_GIVEN INFORMATION_
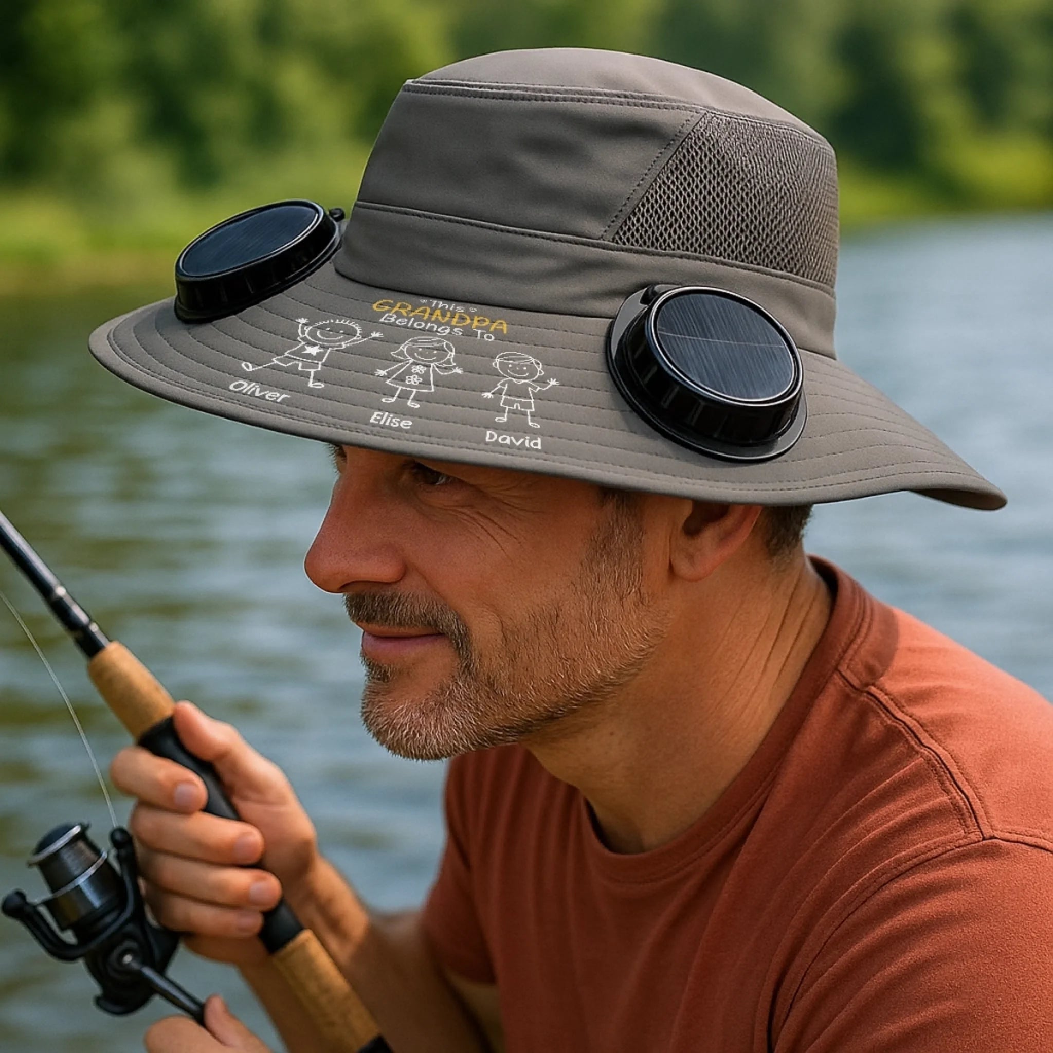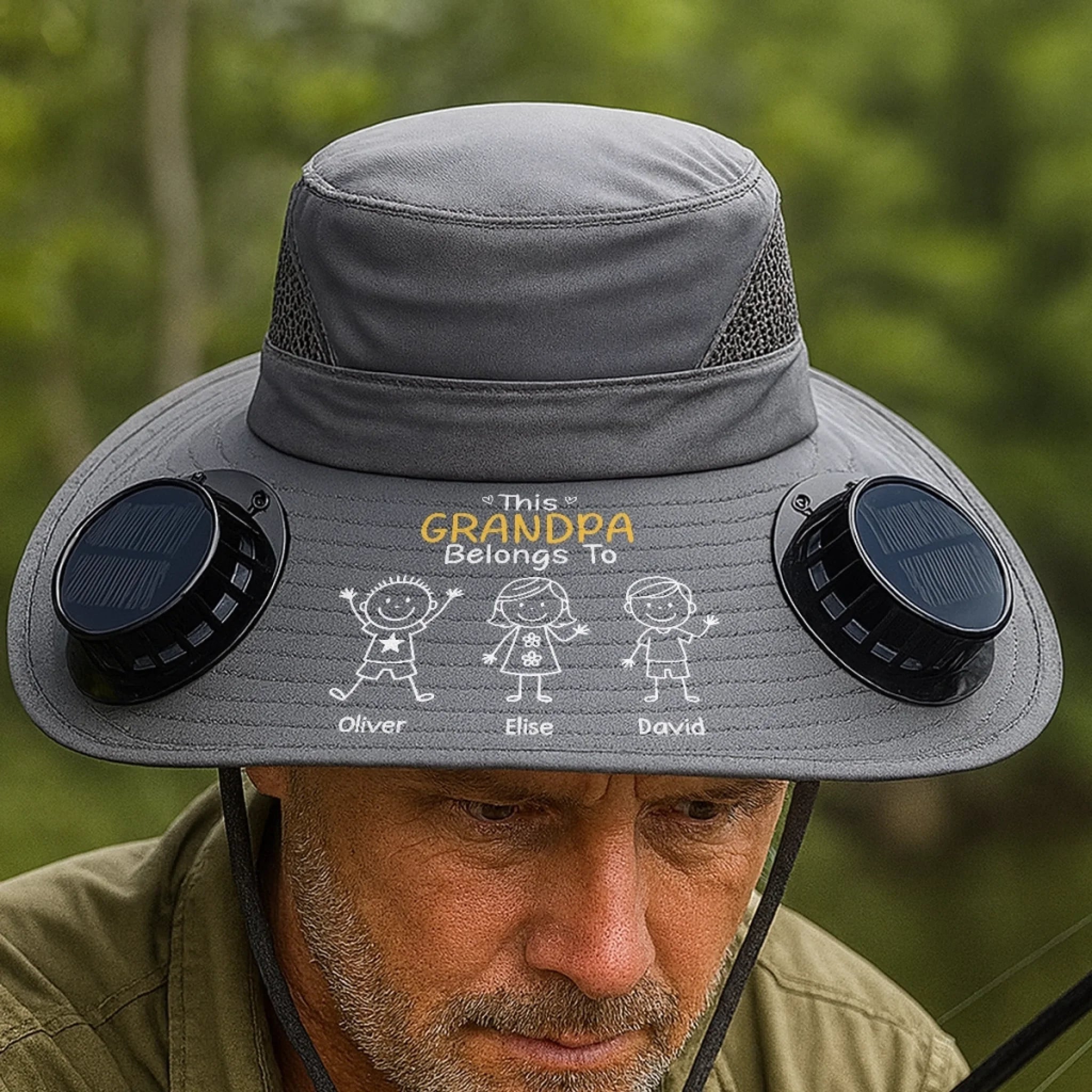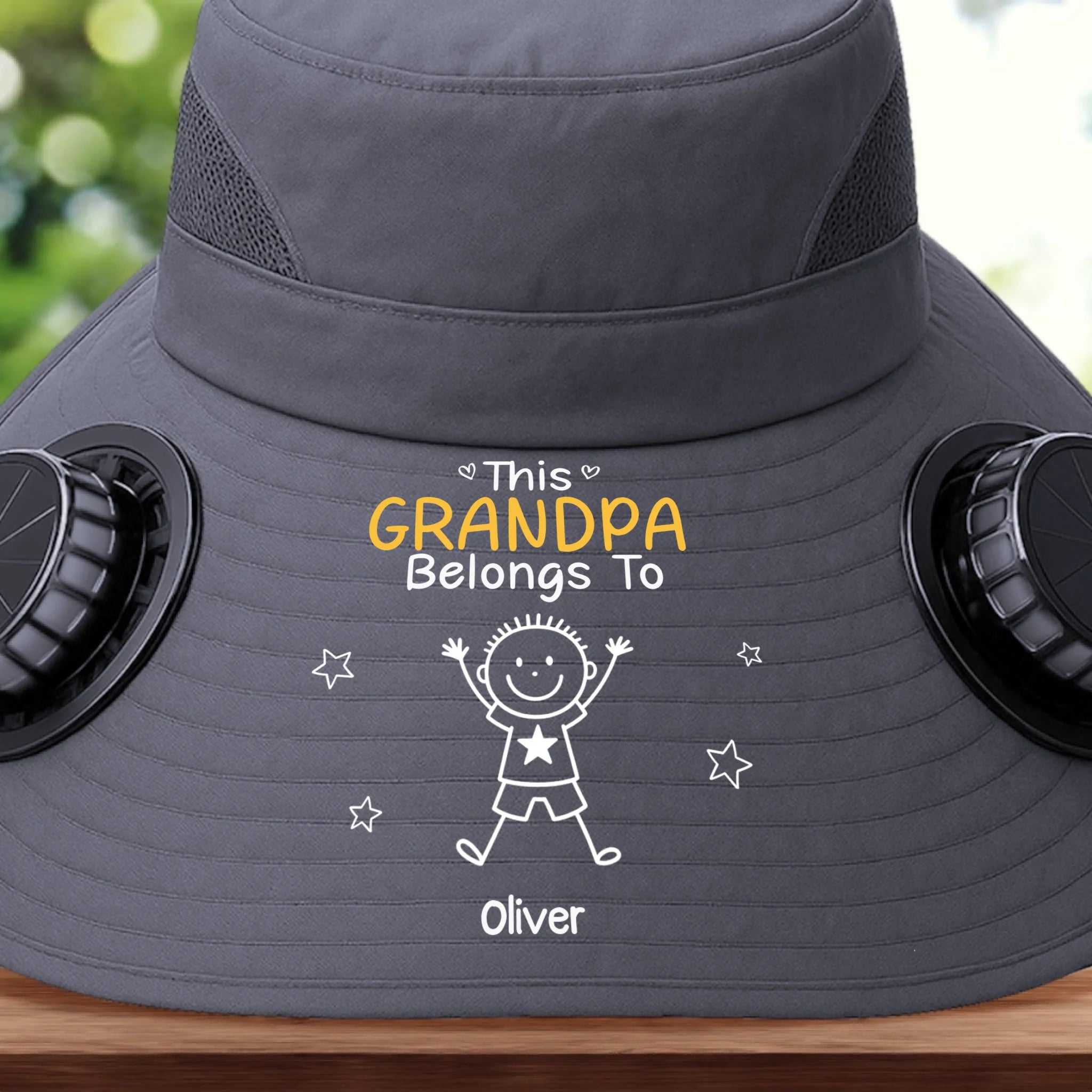 Custom Hat With Fans Solar Power - Personalized Birthday Fishing Gifts For Fisherman, Dad, Grandpa - Grandpa Belongs To Kids
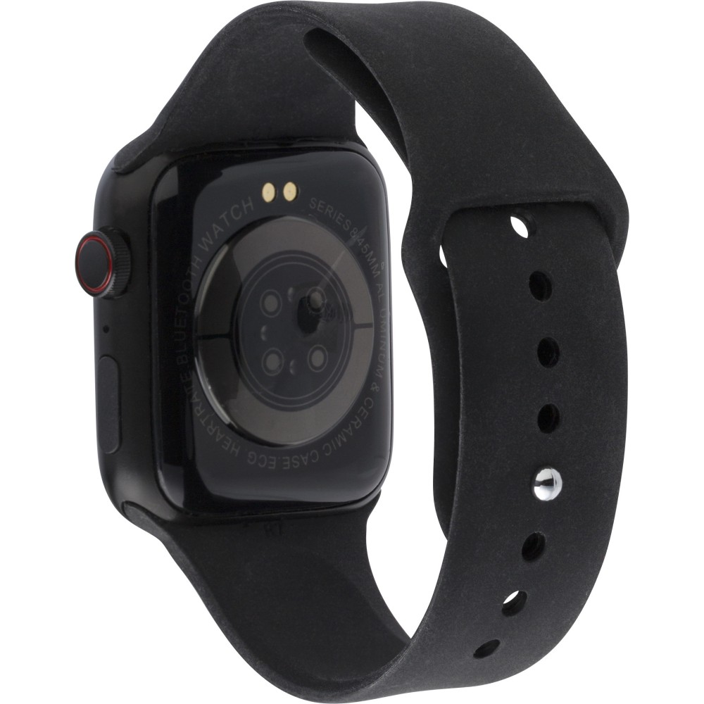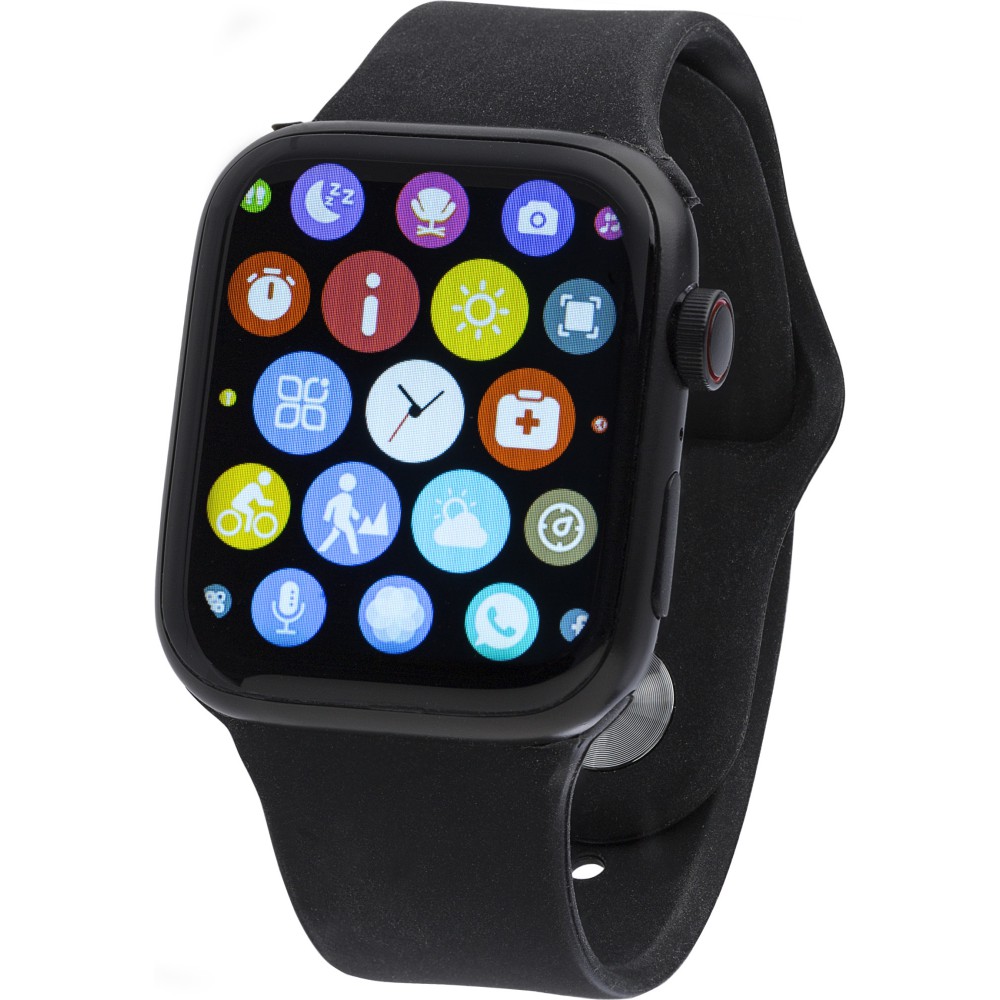 PC és PVC okosóra állítható karpánttal és vezeték nélküli technológiával. Érintőképernyővel és görgető gombbal az oldalán. Funkciók: telefonhívás, szívritmus, alvásfigyelő, oxigénmérés, üzenet emlékeztető, ivás emlékeztető, edzés emlékeztető. USB kábellel együtt. Egyenként csomagolva kartondobozban.
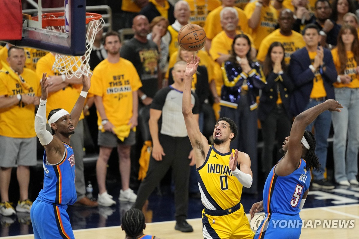 (서울=연합뉴스) 최송아 기자 = 미국프로농구(NBA) 인디애나 페이서스가 오클라호마시티 선더와의 챔피언결정전에서 2승 1패로 한 발 앞서 나갔다.
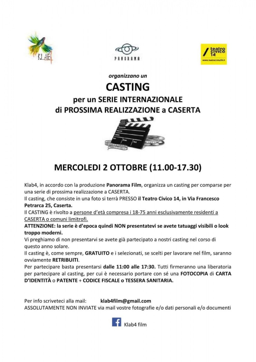 Oggi, mercoledì 2 ottobre, è previsto un casting per una serie televisiva di prossima realizzazione presso il Teatro Civico 14 a Caserta. La serie a carattere internazionale sarà girata in abiti d'epoca. Di seguito maggiori informazioni.
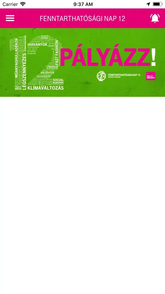 Az FN12 – 12. Fenntarthatósági Nap alkalmazásban minden fontos információt egy helyen megtalálsz, emellett szavazhatsz kedvenc pályaműveidre és kiállítóidra is. Érdekel, mikor kezdődik a következő beszélgetés? Megismernéd az előadókat? Ránéznél a térképre, hogy kedvenc kiállítód sátrát megtaláld? Új applikációnkkal idén már a szavazást is digitális felületre tereljük, matricázás helyett egy-egy kattintással jelezheted, szerinted ki érdemes a közönségdíjra, illetve kik a legjobb kiállítók az idei kiállítói térben.

_YOUR OBJECTIVE_
Output only the lines running from the one containing "(서울=연합뉴스) 최송아 기자" to the end of the records, inclusive and exact; skip the pictures.

_FINISHED TASK_
 (서울=연합뉴스) 최송아 기자 = 미국프로농구(NBA) 인디애나 페이서스가 오클라호마시티 선더와의 챔피언결정전에서 2승 1패로 한 발 앞서 나갔다.
 Oggi, mercoledì 2 ottobre, è previsto un casting per una serie televisiva di prossima realizzazione presso il Teatro Civico 14 a Caserta. La serie a carattere internazionale sarà girata in abiti d'epoca. Di seguito maggiori informazioni.
 Az FN12 – 12. Fenntarthatósági Nap alkalmazásban minden fontos információt egy helyen megtalálsz, emellett szavazhatsz kedvenc pályaműveidre és kiállítóidra is. Érdekel, mikor kezdődik a következő beszélgetés? Megismernéd az előadókat? Ránéznél a térképre, hogy kedvenc kiállítód sátrát megtaláld? Új applikációnkkal idén már a szavazást is digitális felületre tereljük, matricázás helyett egy-egy kattintással jelezheted, szerinted ki érdemes a közönségdíjra, illetve kik a legjobb kiállítók az idei kiállítói térben.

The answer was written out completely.